VÍCTOR: CUANDO ME CONVIERTA EN GATO…
Víctor subió con dificultad hasta su piso. Se detuvo un momento. Su pierna, que se había roto hace cinco años, aún le dolía.
Abrió la puerta, entró en el oscuro pasillo del piso, cerró la puerta y se quedó unos minutos sin encender la luz.
Hace tanto tiempo. Hace tanto, – pensaba al entrar, y ya había luz en casa.
Víctor sonrió sin quererlo. Le encantaba abrir la puerta con su llave. Trataba de hacerlo sin que se dieran cuenta, para acercarse sigilosamente a Albita y darle un beso, pero su esposa siempre adivinaba su llegada, incluso si estaba ocupada en la cocina.
“¿Por qué no llamaste otra vez?” – siempre se reflejaba en su rostro pecoso.
Víctor extendía los brazos, se inclinaba y besaba a Albita en la nariz, donde las pecas se agolpaban.

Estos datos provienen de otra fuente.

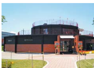
人吉市 MOZOCAステーション868
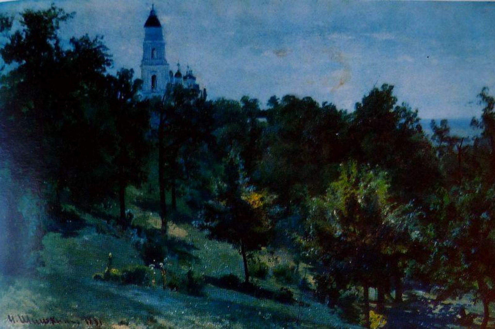
И.И. Шишкин. На острове Валааме.

– Desnúdate, lávate las manos, – le respondía ella con tono severo, pero sus ojos reían.
Víctor dejó escapar un gemido al volver de los cálidos recuerdos al tedioso presente. Se quitó la cazadora y los zapatos. Luego se agachó y los colocó cuidadosamente.
Se cambió de ropa, se lavó las manos, siguiendo el ritual de siempre. Entró en la cocina y se sentó en el taburete. Tenía que cenar después, pero no tenía hambre y tampoco había nada preparado.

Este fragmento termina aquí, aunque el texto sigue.